**YOUR TASK:** Write the listing out again word for word, skipping each picture.

**SOURCE MATERIAL:**
--
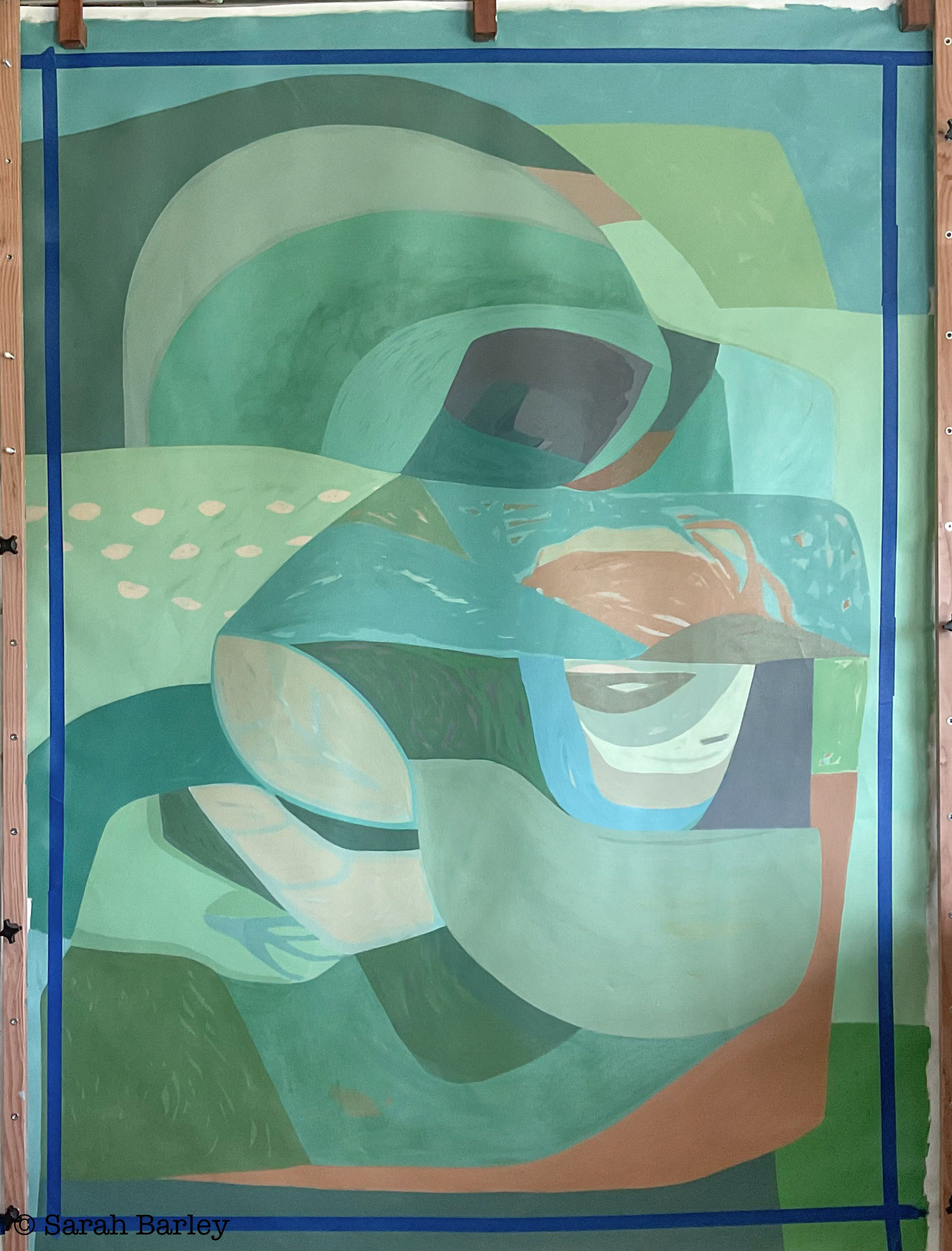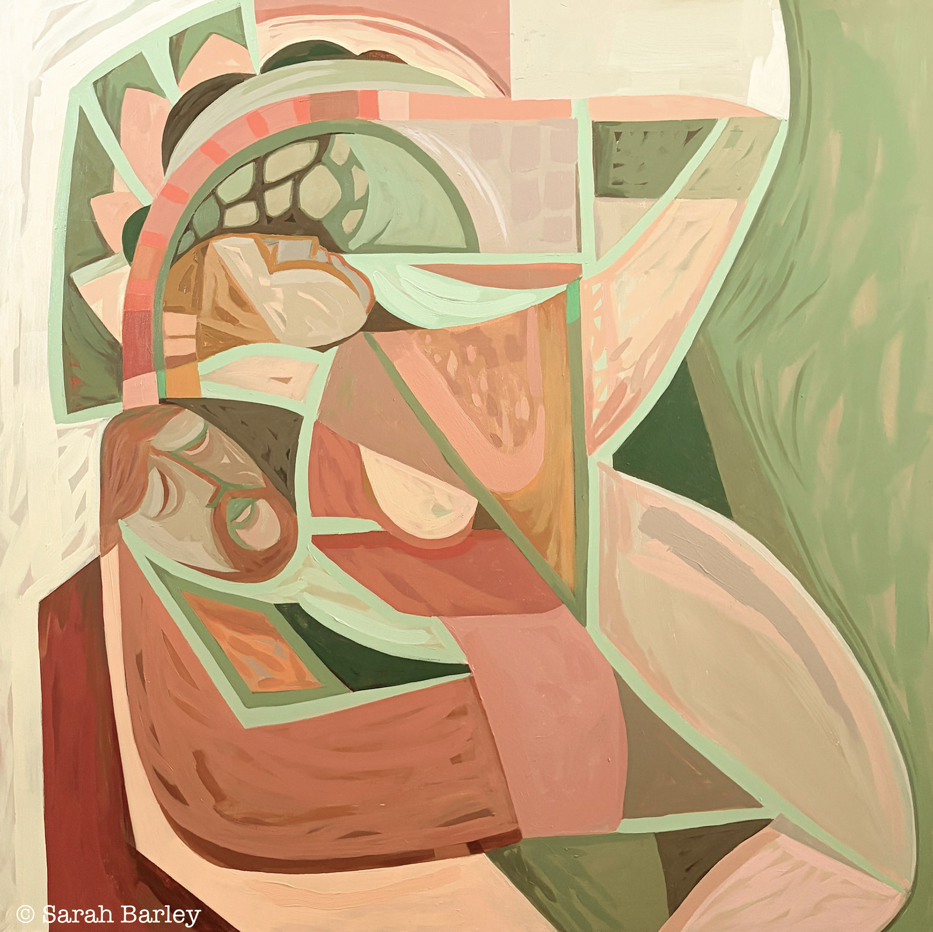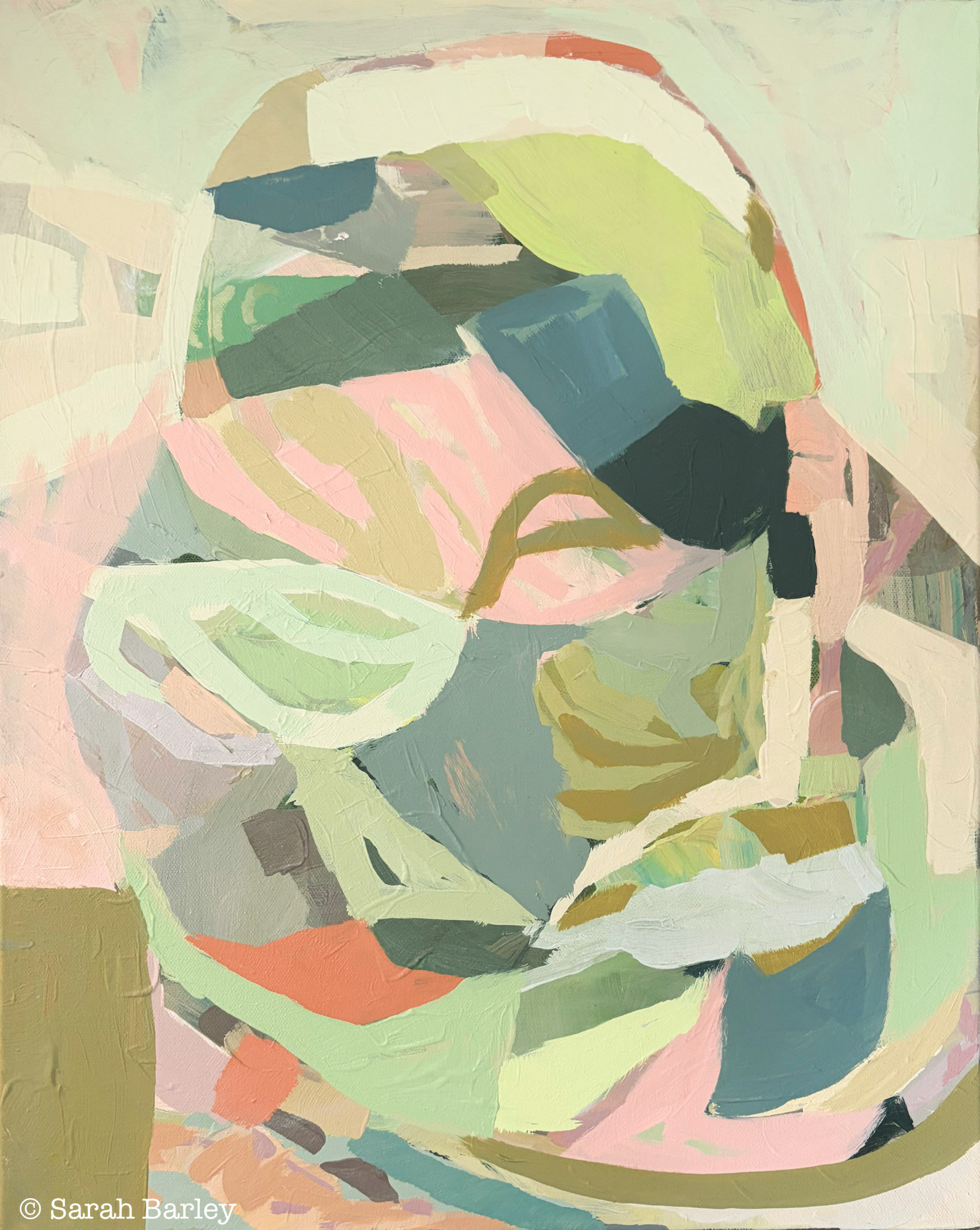 Each painting began with showing up to a blank canvas with no clear idea of what I was going to create. I had to learn to accept the possibility of wasting time and materials, of creating something “ugly,” and of confronting the discomfort of seeing that reflected back at me. I worked this way for four years: no vision, no intention to project a specific emotion, and no predetermined meaning. Instead, I practiced letting go, sitting with discomfort, making shapes, and “listening” rather than expressing.
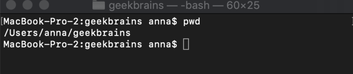 pwd — полный путь до папки, в которой находитесь сейчас:
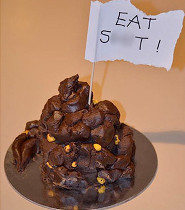 A dona de uma confeitaria na Nova Zelândia se desentendeu com uma cliente e ?se vingou? ao fazer um bolo em formato de fezes, e espetar uma placa com os dizeres ?coma m??.
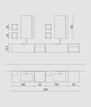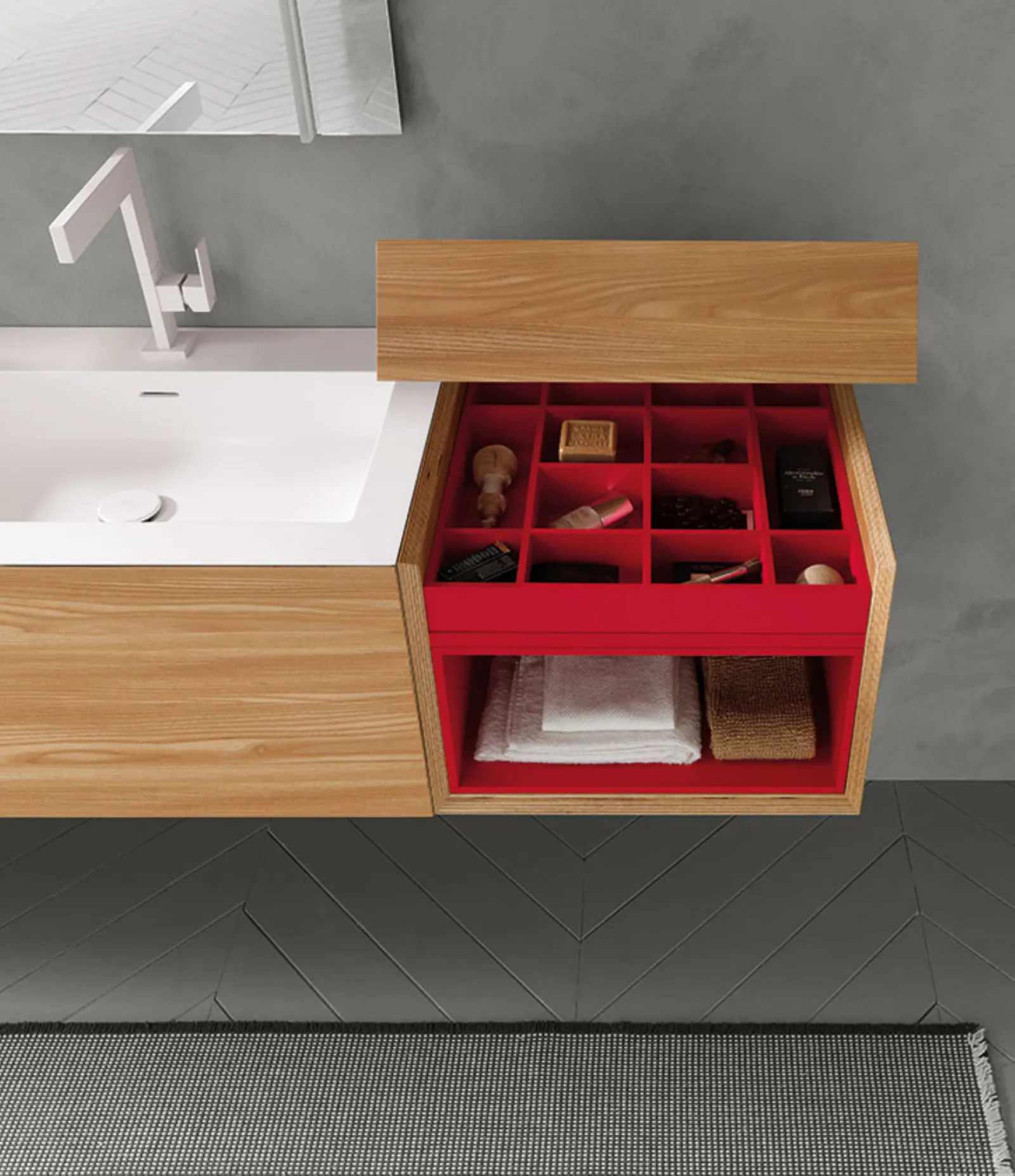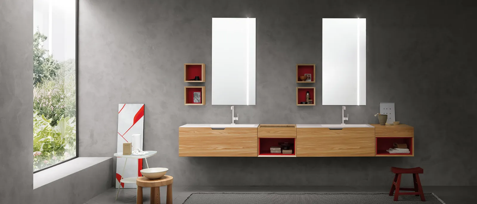 Olmo con particolari Laccato Rosso Opaco, lavabi monoblocco in Tecnoril e specchi Modular.
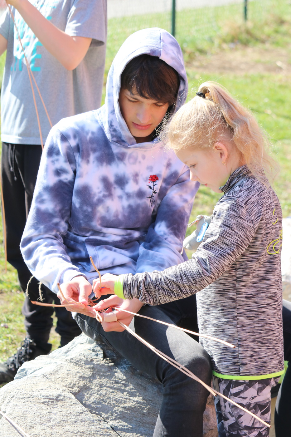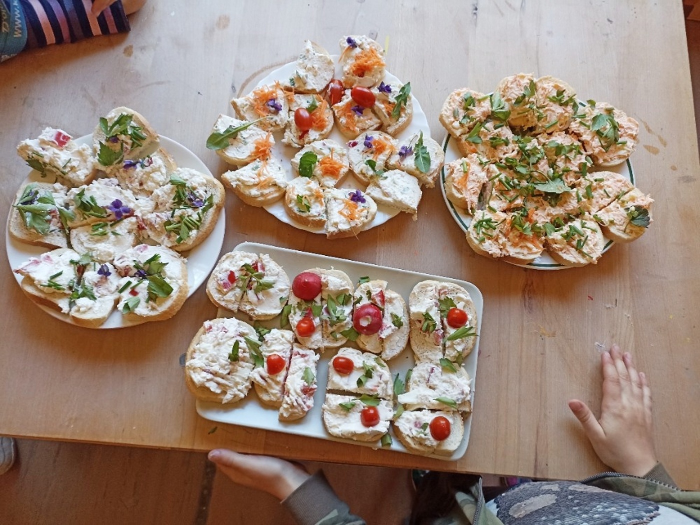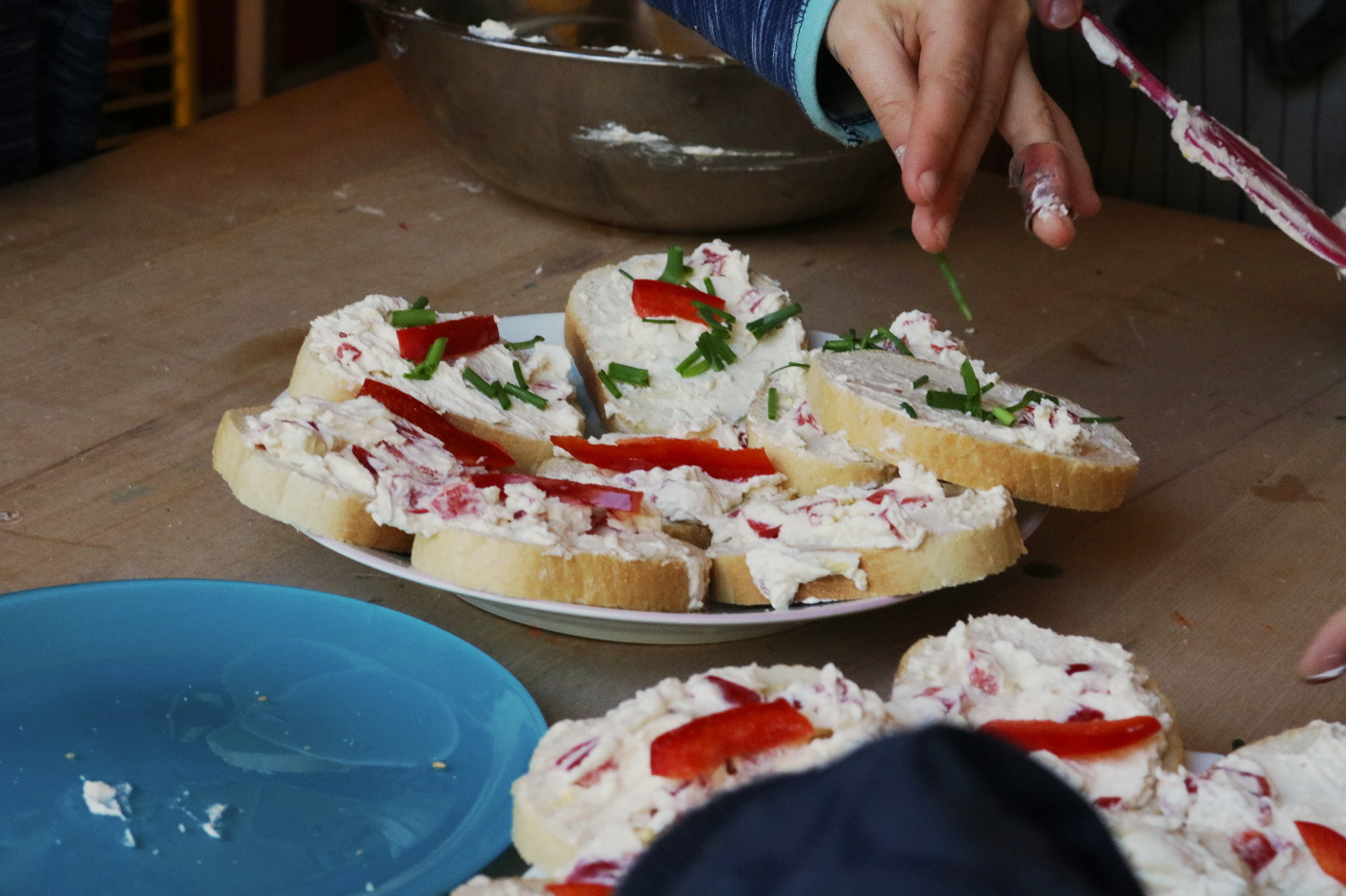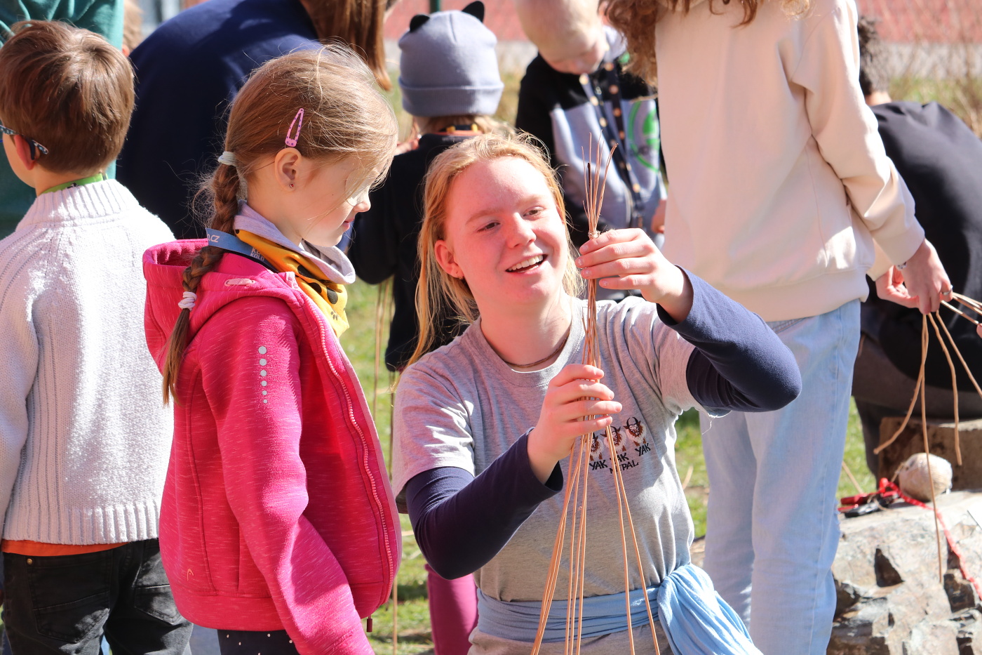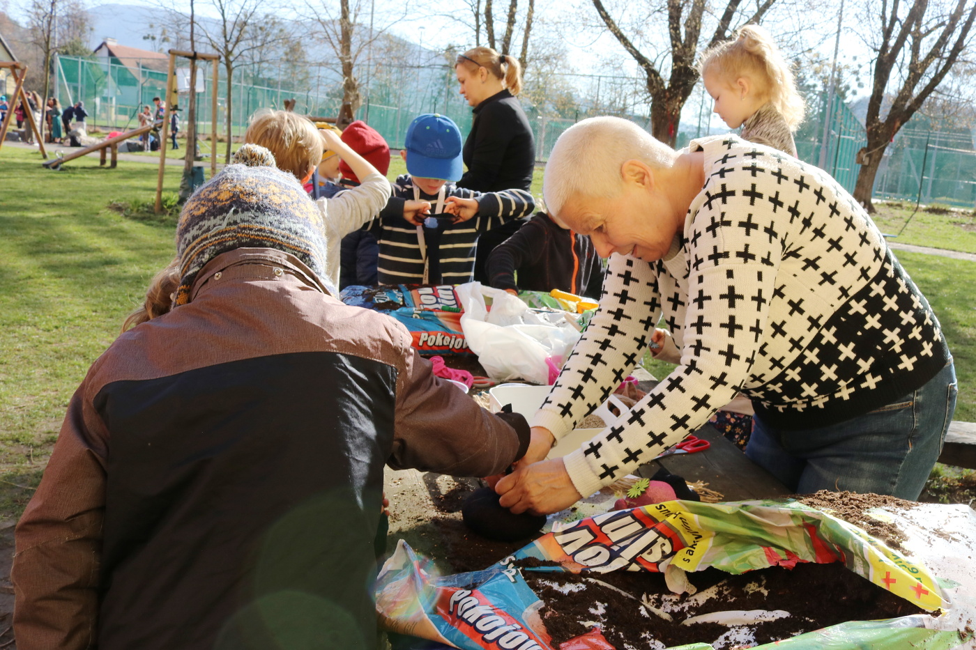 Do školy jsme se my, žáci prvního stupně, vydali tentokrát bez učebnic, vyzbrojeni jsme byli naopak vajíčky natvrdo, vajíčky syrovými, kapesním nožíkem. Sešli jsme se na zahradě, kde nás uvítali velikonoční kuřátko, zajíček a přes telefon i beránek. Pak už jsme se přesouvali od jednoho stanoviště ke druhému a na každém nám něco vzniklo. Barvili jsme a zdobili vajíčka, kuchtili jsme jarní pokrmy a pomazánky, vyrobili jsme si veselou hlavu s vlasy z trávy a s pomocí ochotných osmáků jsme si upletli z proutí tatar. Někteří se navíc stihli naučit i nové šmigrustovací říkadlo. Velikonoce můžou začít, jsme na ně připravení!
--
**SOLUTION TO THIS EXERCISE:**
 Each painting began with showing up to a blank canvas with no clear idea of what I was going to create. I had to learn to accept the possibility of wasting time and materials, of creating something “ugly,” and of confronting the discomfort of seeing that reflected back at me. I worked this way for four years: no vision, no intention to project a specific emotion, and no predetermined meaning. Instead, I practiced letting go, sitting with discomfort, making shapes, and “listening” rather than expressing.
 pwd — полный путь до папки, в которой находитесь сейчас:
 A dona de uma confeitaria na Nova Zelândia se desentendeu com uma cliente e ?se vingou? ao fazer um bolo em formato de fezes, e espetar uma placa com os dizeres ?coma m??.
 Olmo con particolari Laccato Rosso Opaco, lavabi monoblocco in Tecnoril e specchi Modular.
 Do školy jsme se my, žáci prvního stupně, vydali tentokrát bez učebnic, vyzbrojeni jsme byli naopak vajíčky natvrdo, vajíčky syrovými, kapesním nožíkem. Sešli jsme se na zahradě, kde nás uvítali velikonoční kuřátko, zajíček a přes telefon i beránek. Pak už jsme se přesouvali od jednoho stanoviště ke druhému a na každém nám něco vzniklo. Barvili jsme a zdobili vajíčka, kuchtili jsme jarní pokrmy a pomazánky, vyrobili jsme si veselou hlavu s vlasy z trávy a s pomocí ochotných osmáků jsme si upletli z proutí tatar. Někteří se navíc stihli naučit i nové šmigrustovací říkadlo. Velikonoce můžou začít, jsme na ně připravení!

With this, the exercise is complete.